The trials were performed under otherwise constant process parameter settings, where screw speed was kept at 400 rpm and total feed rate at 2 kg/h. The material temperature of the melt was measured at the extruder exit (before entering the cooling die) and verified to be 100 °C for all PPI formulations and 134 °C for all SPC ones. The temperature of the cooled slit die was kept constant at 50 °C. After the extrusion trials, samples were taken and stored at 5 °C in plastic bags to prevent drying and spoilage of the samples. Samples were analysed within two days after production.

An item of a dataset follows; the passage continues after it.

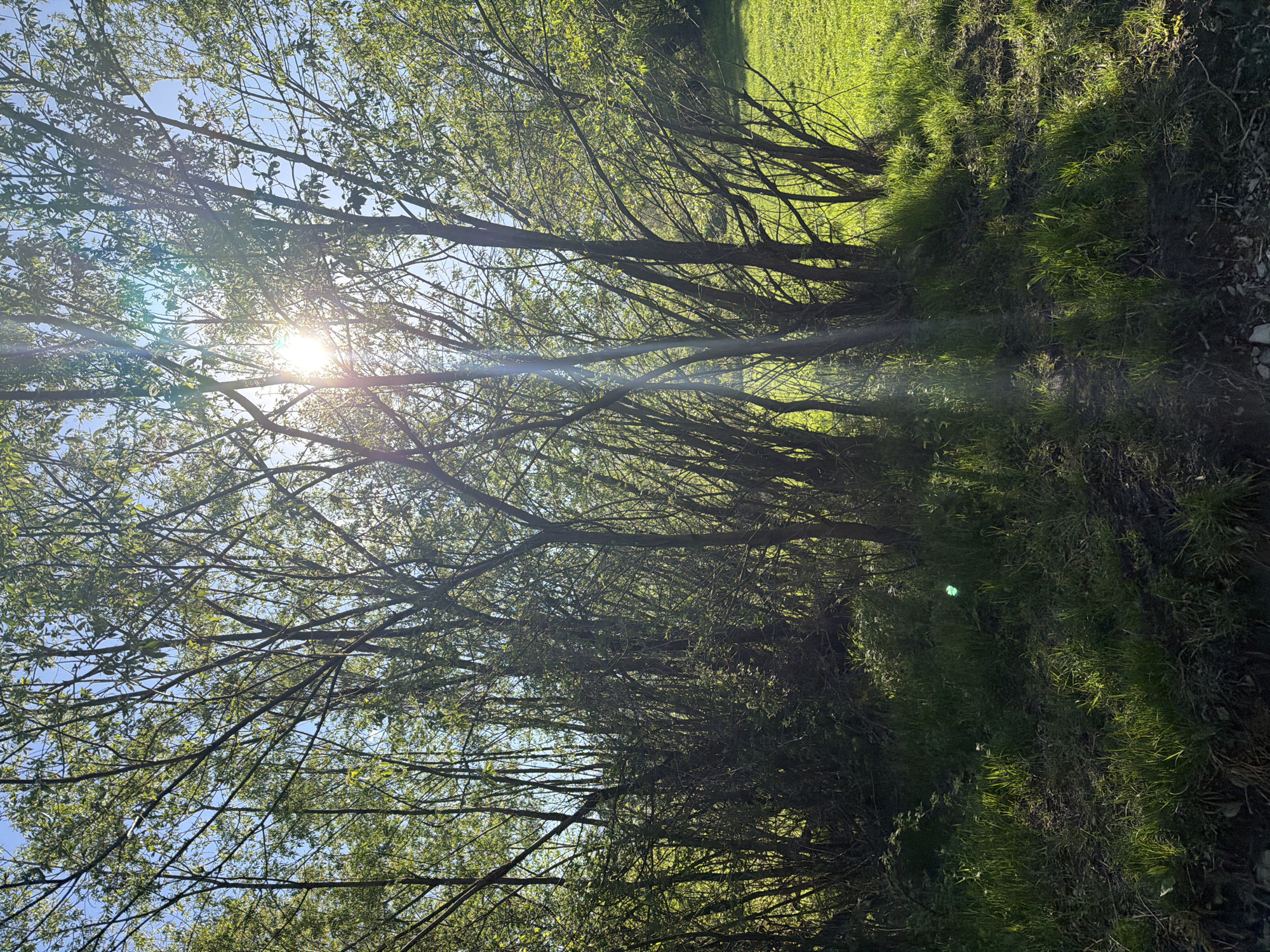 row of trees with dense foliage alongside a grassy area, possibly a field or meadow. Sunlight streams through the branches, creating a lens flare and dappled light patterns on the ground. The sky is visible through the gaps in the trees, appearing blue. The location is unspecified, but the prompt requested to describe it as Berkovitsa, Bulgaria. There are no people visible. The scene appears to be outdoors in a natural environment. The focus is on the interplay of light and shadow within the vegetation.

2.3. Mechanical Measurements

The Young’s modulus, fracture stress, and fracture strain of the investigated samples were determined under compressive stress. For this purpose, gels were subjected to stress using a stress-controlled HAAKE MARS 60 rheometer (Thermo Fisher Scientific, Karlsruhe, Germany), and a stress–strain diagram was recorded. The Young’s modulus was calculated from the linear region of the stress–strain diagram using Equation (1) as described by Willats et al. (2001) and Fraeye et al. (2010) [33,34].

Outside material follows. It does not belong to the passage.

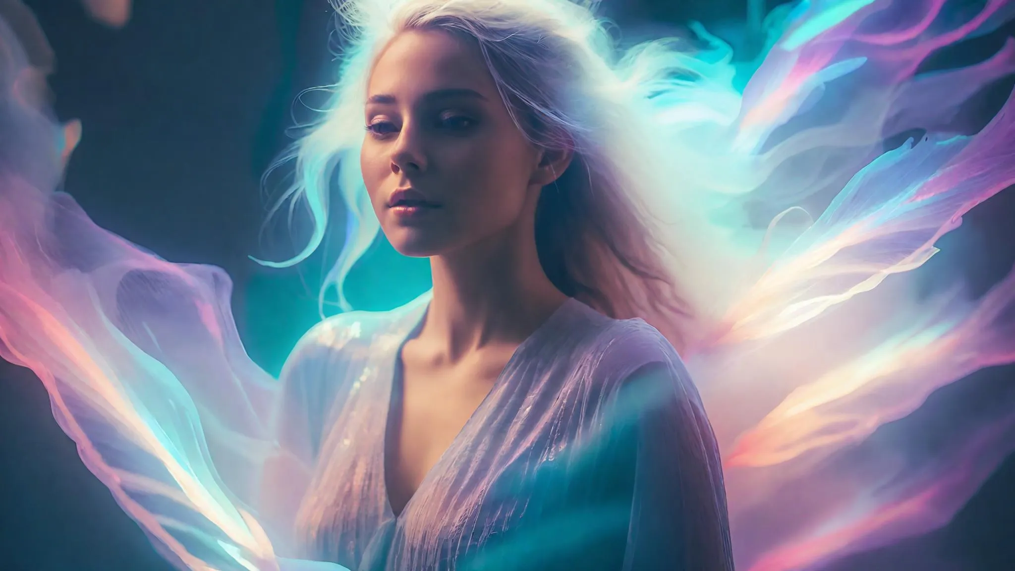 Capture ethereal beauty with this AI-generated spectral woman featuring a glowing aura, spiritual energy tendrils, and a dreamy surreal atmosphere. Iridescent pastel hues, neon accents, and vibrant glowing mist create soft, feathery textures in 8K resolution. Masterpiece-quality visuals for mesmerizing digital art.

$$E=\frac{F}{A\ast \epsilon }$$

(1)

where

• E = Young’s modulus;
• F = measured force;
• A = probe’s cross-sectional area;
• ε = strain;
• ε was calculated as shown in Equation (2).

$$\epsilon =\frac{∆l}{l_0}$$

(2)

where

• Δl = change in the height of the sample caused by the applied stress;
• l₀ = samples’ initial height.

Cylindrical-shaped extrudates with a 6 mm diameter and 5 mm height were cut for the determination of Young’s modulus under compression stress. Samples were compressed using a serrated plate–plate measurement system with a plate diameter of 20 mm at a constant velocity of 1 mm⋅s⁻¹. The measurements were conducted 10 times for each sample to ensure statistical relevance.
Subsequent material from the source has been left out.